As previously noted, Blue Fuel Energy is planning to use renewable electricity (hydro and wind), water, and carbon dioxide to produce Blue Fuel methanol as a biodiesel feedstock and a gasoline blendstock. In simple terms, we will do this by reacting hydrogen isolated through the electrolysis of water with waste carbon dioxide captured from a natural gas processing plant. The graphic below outlines the basic Blue Fuel methanol production process.
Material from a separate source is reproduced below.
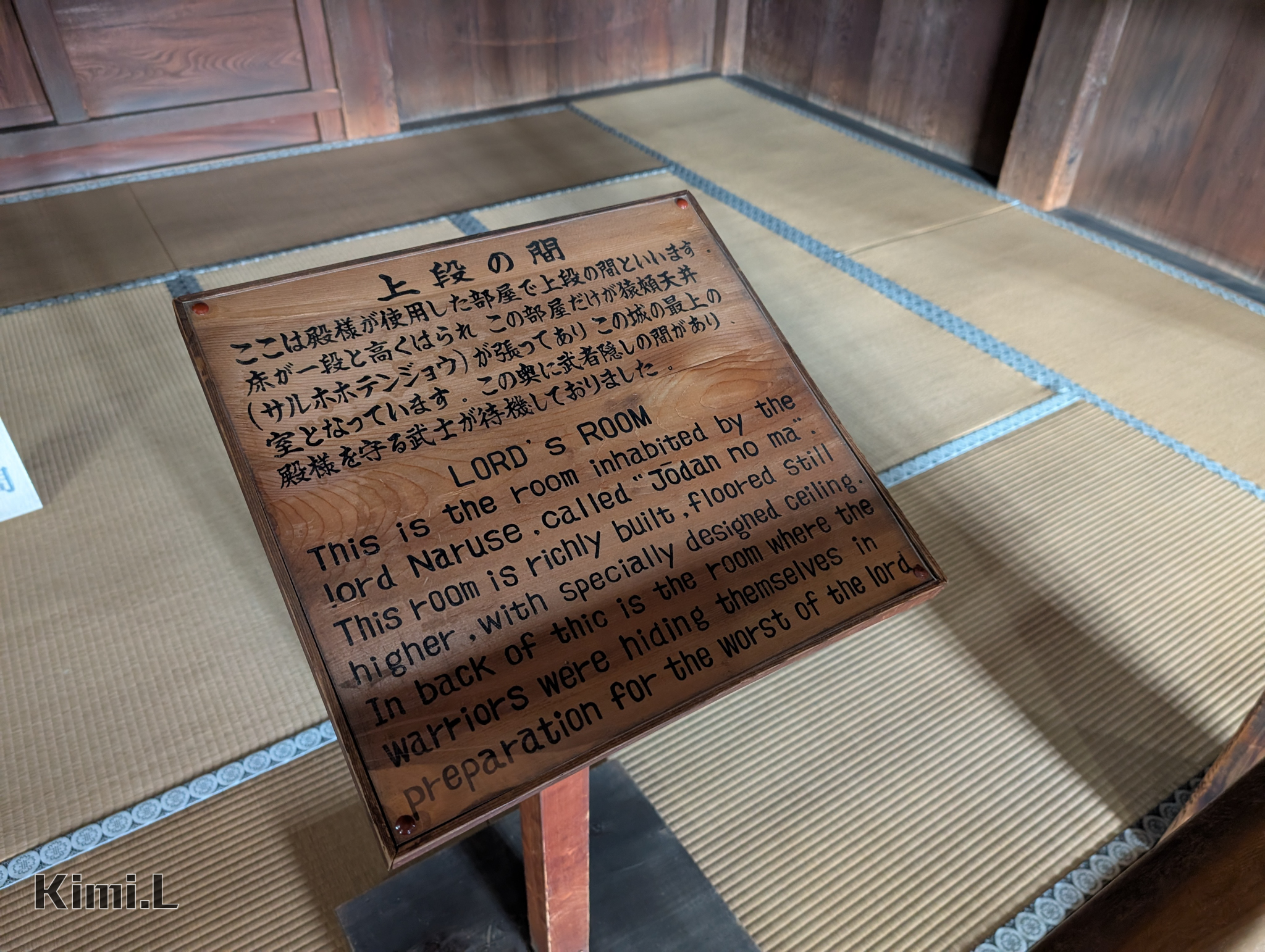 位於第一層中央的則是上段之間,是整個天守閣中唯一設有塌塌米的地方,地板處以刻意架高的方式顯彰顯他的地位,提供給身分高貴的人使用,後方的門則是被稱作武士隱,提供護衛藏身在內部以保護家主的安全。

The first step in planning Blue Fuel methanol production using these feedstocks was to work back from an off-the-shelf, world-class scale methanol plant in order to minimize unit cost. In methanol production, size matters. A 1.5 million litres/day methanol plant requires about 2100 tons of carbon dioxide and 280 tons of hydrogen per day. Spectra Energy's natural gas processing facility in the Pine River valley near Chetwynd emits about 2200 tons of carbon dioxide/day—the perfect amount. It also has several other redeeming features that make it an ideal site for Blue Fuel methanol production:

1. it is near a good source of water that can be converted to 280 tons of hydrogen/day through electrolysis;


2. it is not far from a high-voltage power line;


3. there is sufficient land in the valley for constructing the world’s largest array of electrolyzers and other Blue Fuel methanol production facilities;


4. it is serviced by a trunk line of the CN main line.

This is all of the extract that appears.